Lalu siapa yang bisa melawan bala tentara bersenjata itu? Di bait ke empat, Marhalim menyebut senjata dilawan dengan senjata. Yaitu peluru dari doa sebagai senjatanya. Yang bisa mengubah gelap jadi terang. Sehingga apa yang tak terlihat -sekecil apapun bentuk corona- tetap bisa dilawan. Doa sebagai senajata juga dijelaskan oleh agama, ini tentu bukan hiperbola, apalagi litotes.

Secara retoris, Marhalim terus menegaskan di setiap baitnya, bahwa langkah-langkah menghadapi corona sudah dilakukan. Meski corona hanya –meminjam istilah jawa- wani silit. Itu jelas, seperti Marhalim menyebut corona /hanya datang sebagai pengecut/. Tapi apa corona memang wani silit wedi rai? Mungkin iya, bagi kita yang /kerap lalai menyalakan api iman dalam dada/.

Saat manusia silau dengan gemerlap dunia,  dan lupa dosa-dosa, saat itulah kata Marhalim, corona datang menyerang. Yang apakah artinya, manusia yang selalu menyalakan iman dalam dada, luput dari serangan corona? Saya kira, kena serangan atau tidak, orang beriman akan mati dalam damai.

Saya pun sepakat jika Marhalim sudah tidak peduli, corona itu siapa.
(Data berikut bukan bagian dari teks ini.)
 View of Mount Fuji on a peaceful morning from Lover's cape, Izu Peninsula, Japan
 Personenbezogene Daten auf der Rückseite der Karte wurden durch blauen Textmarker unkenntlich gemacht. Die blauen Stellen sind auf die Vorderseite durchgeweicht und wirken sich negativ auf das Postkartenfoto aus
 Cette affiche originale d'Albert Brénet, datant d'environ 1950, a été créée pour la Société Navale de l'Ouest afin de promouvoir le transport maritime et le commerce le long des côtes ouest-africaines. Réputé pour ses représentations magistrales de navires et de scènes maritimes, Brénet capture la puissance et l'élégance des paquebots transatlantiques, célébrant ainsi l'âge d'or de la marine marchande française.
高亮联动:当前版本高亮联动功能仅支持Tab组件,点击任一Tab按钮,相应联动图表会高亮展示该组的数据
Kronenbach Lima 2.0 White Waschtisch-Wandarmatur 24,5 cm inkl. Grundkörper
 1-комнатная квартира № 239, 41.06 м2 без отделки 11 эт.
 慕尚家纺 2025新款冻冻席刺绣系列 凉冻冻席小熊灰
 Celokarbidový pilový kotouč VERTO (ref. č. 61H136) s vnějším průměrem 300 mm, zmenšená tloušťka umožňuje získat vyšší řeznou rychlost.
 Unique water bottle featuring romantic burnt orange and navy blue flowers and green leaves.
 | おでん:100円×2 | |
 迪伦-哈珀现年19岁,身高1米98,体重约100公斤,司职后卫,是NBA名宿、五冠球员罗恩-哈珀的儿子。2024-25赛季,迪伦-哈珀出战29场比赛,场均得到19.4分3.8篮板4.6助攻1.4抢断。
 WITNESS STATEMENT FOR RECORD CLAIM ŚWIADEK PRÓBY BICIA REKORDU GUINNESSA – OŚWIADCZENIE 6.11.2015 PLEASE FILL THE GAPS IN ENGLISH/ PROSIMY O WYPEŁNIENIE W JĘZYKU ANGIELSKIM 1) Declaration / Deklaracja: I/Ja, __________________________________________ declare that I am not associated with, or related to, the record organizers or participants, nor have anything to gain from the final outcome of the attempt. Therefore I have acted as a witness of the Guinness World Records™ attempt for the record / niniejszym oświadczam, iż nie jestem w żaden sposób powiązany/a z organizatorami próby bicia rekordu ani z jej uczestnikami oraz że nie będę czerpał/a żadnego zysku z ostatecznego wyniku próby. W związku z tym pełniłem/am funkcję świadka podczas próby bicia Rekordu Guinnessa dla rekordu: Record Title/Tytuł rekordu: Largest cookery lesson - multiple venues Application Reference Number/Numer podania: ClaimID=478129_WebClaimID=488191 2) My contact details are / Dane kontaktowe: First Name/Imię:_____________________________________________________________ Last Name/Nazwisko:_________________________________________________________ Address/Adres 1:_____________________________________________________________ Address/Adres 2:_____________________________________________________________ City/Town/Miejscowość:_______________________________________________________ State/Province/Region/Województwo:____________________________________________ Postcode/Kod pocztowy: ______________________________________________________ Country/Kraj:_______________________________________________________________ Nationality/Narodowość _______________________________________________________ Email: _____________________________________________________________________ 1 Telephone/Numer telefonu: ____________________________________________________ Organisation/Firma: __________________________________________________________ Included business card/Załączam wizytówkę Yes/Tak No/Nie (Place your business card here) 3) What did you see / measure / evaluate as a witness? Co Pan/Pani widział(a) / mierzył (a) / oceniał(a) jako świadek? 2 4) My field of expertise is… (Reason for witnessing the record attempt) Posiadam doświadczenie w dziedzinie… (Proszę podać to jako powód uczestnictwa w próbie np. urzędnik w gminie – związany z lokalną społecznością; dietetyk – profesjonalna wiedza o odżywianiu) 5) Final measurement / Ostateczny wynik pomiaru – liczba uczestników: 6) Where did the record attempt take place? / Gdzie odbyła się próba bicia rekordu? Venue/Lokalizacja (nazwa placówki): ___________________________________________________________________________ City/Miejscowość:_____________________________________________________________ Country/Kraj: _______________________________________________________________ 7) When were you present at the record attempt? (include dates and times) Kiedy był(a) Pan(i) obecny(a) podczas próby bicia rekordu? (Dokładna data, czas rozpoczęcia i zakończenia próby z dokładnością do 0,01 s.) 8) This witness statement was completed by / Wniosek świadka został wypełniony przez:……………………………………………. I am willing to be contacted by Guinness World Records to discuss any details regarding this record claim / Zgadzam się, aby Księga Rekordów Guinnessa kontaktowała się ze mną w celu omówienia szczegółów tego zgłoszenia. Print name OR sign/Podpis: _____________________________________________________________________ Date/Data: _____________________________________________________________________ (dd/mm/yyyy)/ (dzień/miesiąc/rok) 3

Di bait terakhir, saya kira bisa disebut total of meaning dari keutuhan puisi ini. Yang berpesan agar manusia /berdiam dalam diri/ -atau tawakal; setelah pada bait-bait sebelumnya, segala usaha sudah diupayakan-. Dan jangan lupa untuk bercermin, mencari tahu, siapa diri kita sebenarnya. Seperti kata Socrates “Hidup yang tidak dikaji, adalah hidup yang tidak layak untuk dihuni”.